[Source data]
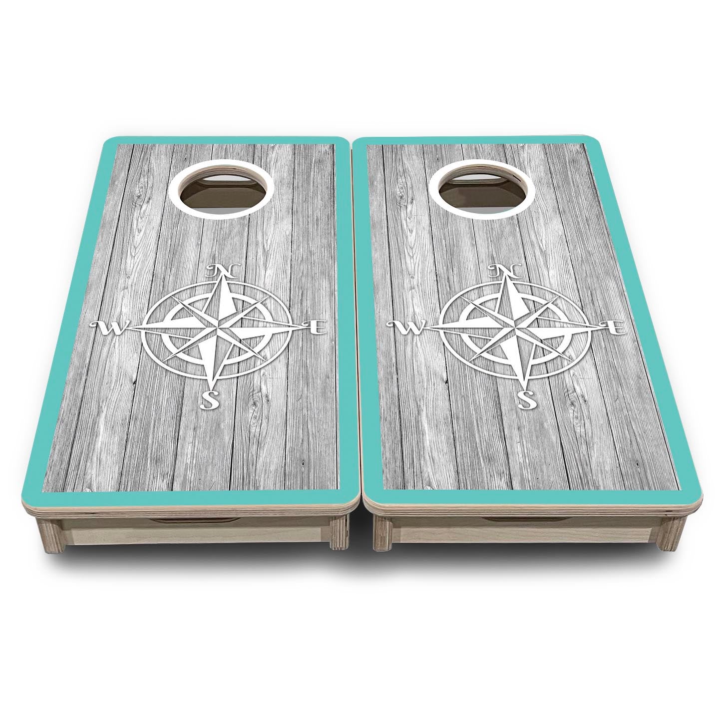 Coastal Compass Teal - Mini or Vacation Size Cornhole Boards
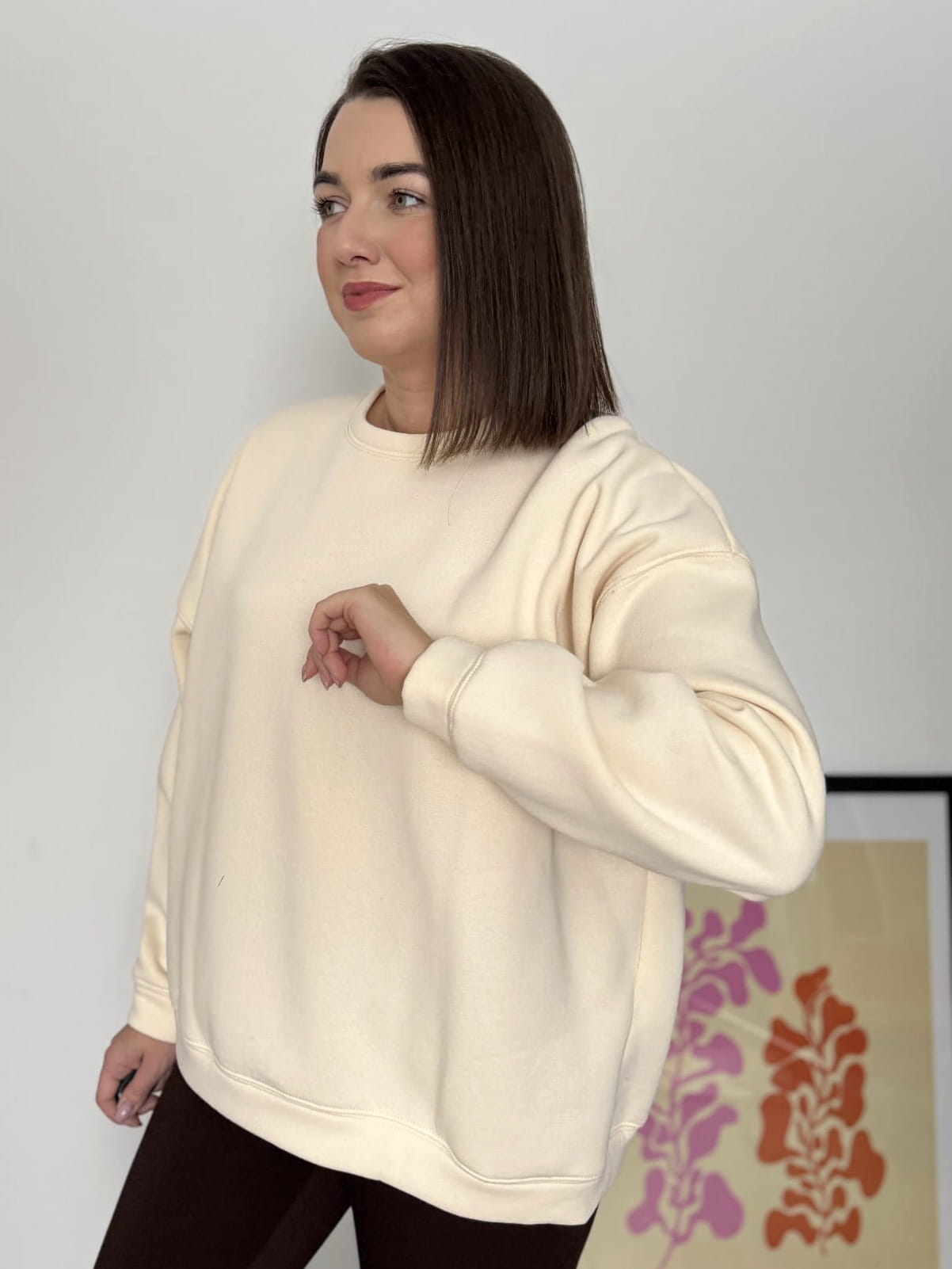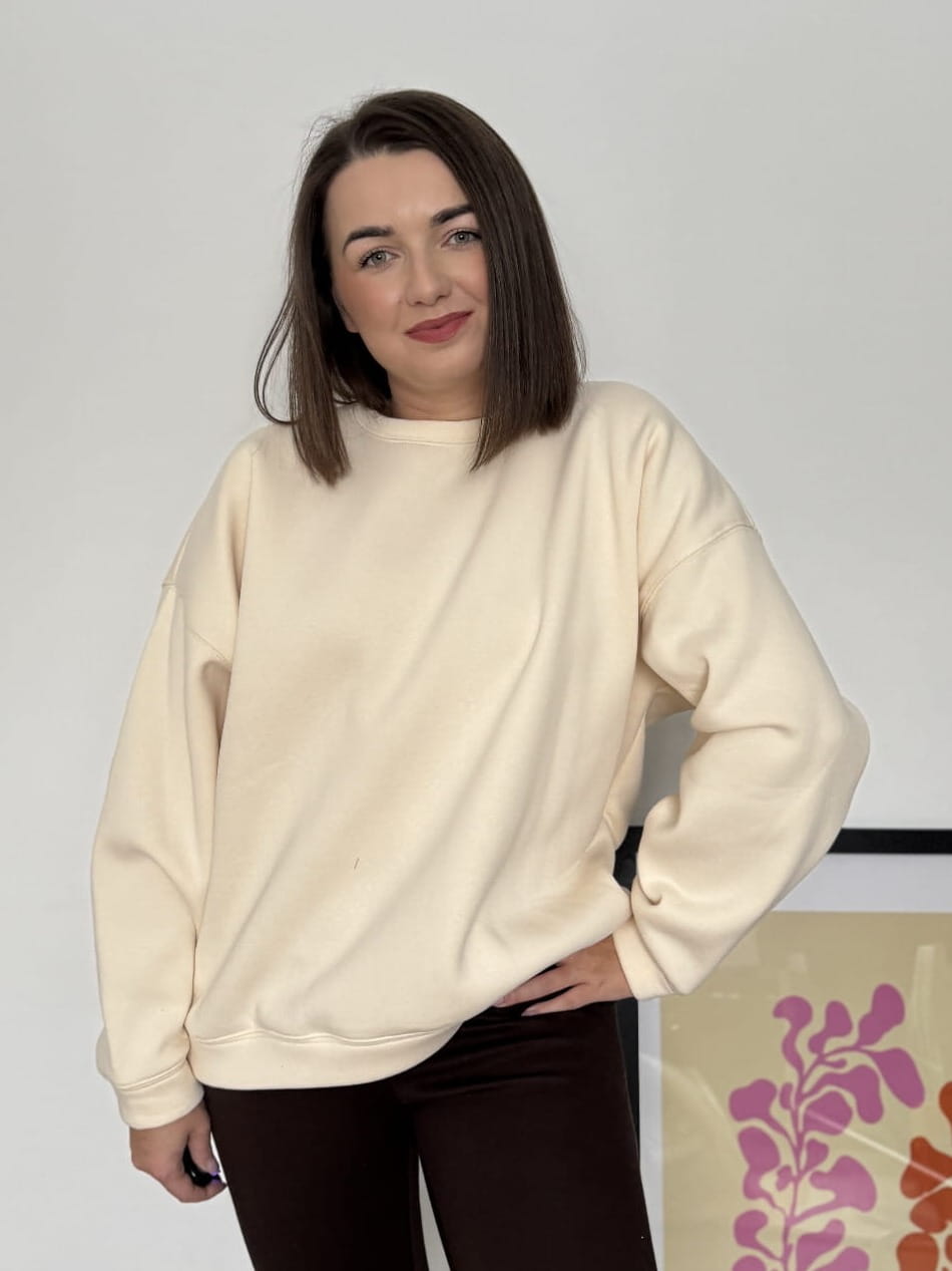 Bluza oversize z odpinanym kwiatem śmietanka
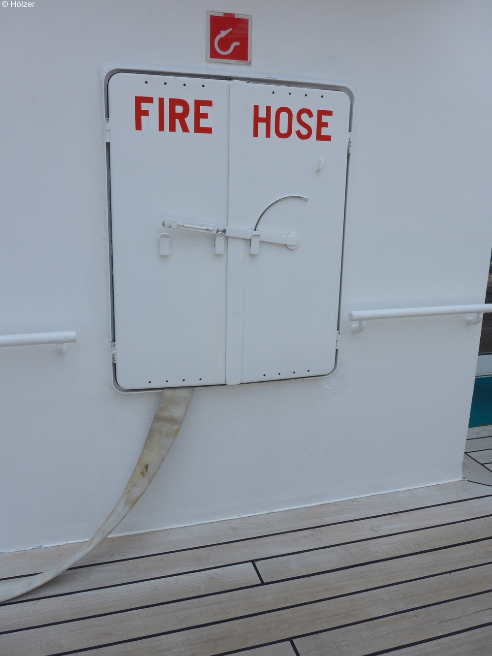 Weiter wurden auf dem Promenadendeck überall Feuerwehrschläuche verlegt und deren Spritzdüsen an der Reling befestigt, um gegebenenfalls als Wasserwerfer potentielle Angreifer zu vertreiben.
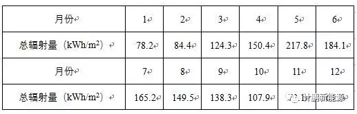 表1:雄安新區(qū)所在區(qū)域太陽能各月總輻射量表
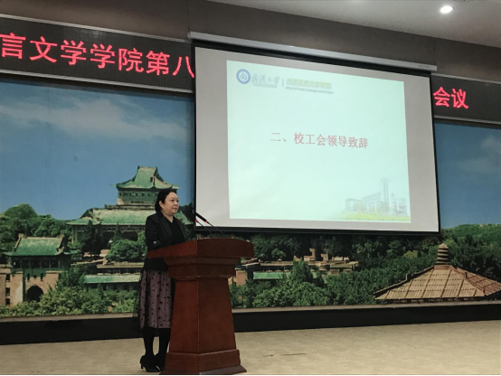 在庄严的国歌声中,会议拉开了序幕。校工会副主席陈蓓首先向大会致辞,她代表校工会对学院教代会的召开表示热烈的祝贺。她指出,学院教代会的召开给代表们提供了参与学院民主协商、民主管理、民主监督的宝贵机会,也是代表们履行权利和义务的有效途径。其次,陈蓓副主席代表校工会对外语学院在二级教代会标准化建设中取得的成绩表示肯定,对其中创新的工作思路和方法提出了表扬。最后,她希望学院工会能够继续立足本职,为学校和学院“双一流”建设做出更大的贡献。
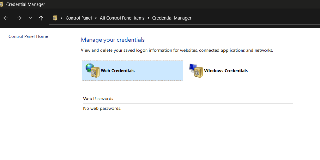 Steg 2:Fönstret Credential Manager visas nu på skärmen. Leta upp och ta bort alla autentiseringsuppgifter som är kopplade till det berörda kontot eller relaterade resurser.
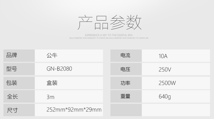 商品名称:公牛(BULL)GN-B2080 8位 3米 总控开关 插座
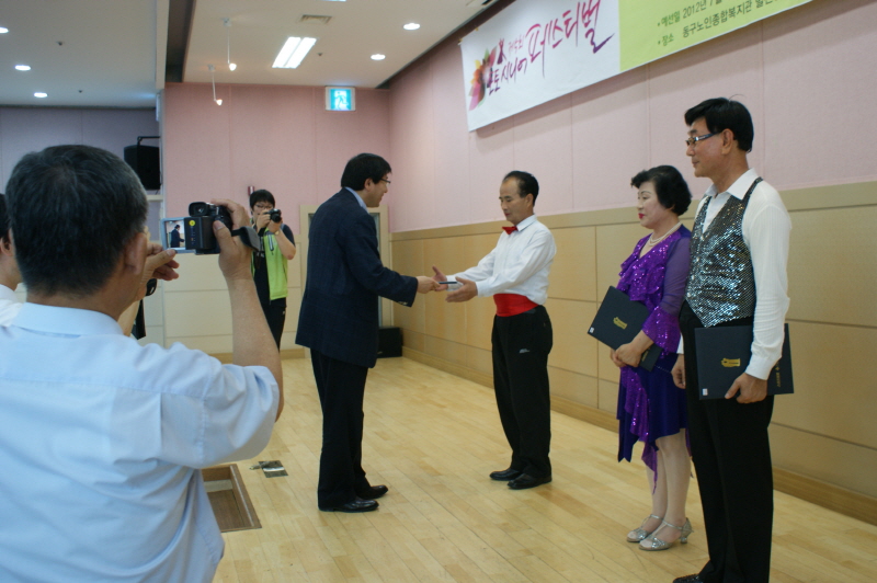 7월 5일(목) 토토시니어페스티벌 대회에 본 기관 스포츠댄스반 10분 어르신들이 출전하여 참가상을 받았다. 당당하고 도전하는 어르신들~수고하셨습니다.
[/Source data]
About this task »
Whatever pictures the records hold, omit them; give again exactly the lines from the one containing "在庄严的国歌声中,会议拉开了" through the one containing "商品名称:公牛(BULL)GN-B2080 8位 3米 总控开关 插座".

Result below »
 在庄严的国歌声中,会议拉开了序幕。校工会副主席陈蓓首先向大会致辞,她代表校工会对学院教代会的召开表示热烈的祝贺。她指出,学院教代会的召开给代表们提供了参与学院民主协商、民主管理、民主监督的宝贵机会,也是代表们履行权利和义务的有效途径。其次,陈蓓副主席代表校工会对外语学院在二级教代会标准化建设中取得的成绩表示肯定,对其中创新的工作思路和方法提出了表扬。最后,她希望学院工会能够继续立足本职,为学校和学院“双一流”建设做出更大的贡献。
 Steg 2:Fönstret Credential Manager visas nu på skärmen. Leta upp och ta bort alla autentiseringsuppgifter som är kopplade till det berörda kontot eller relaterade resurser.
 商品名称:公牛(BULL)GN-B2080 8位 3米 总控开关 插座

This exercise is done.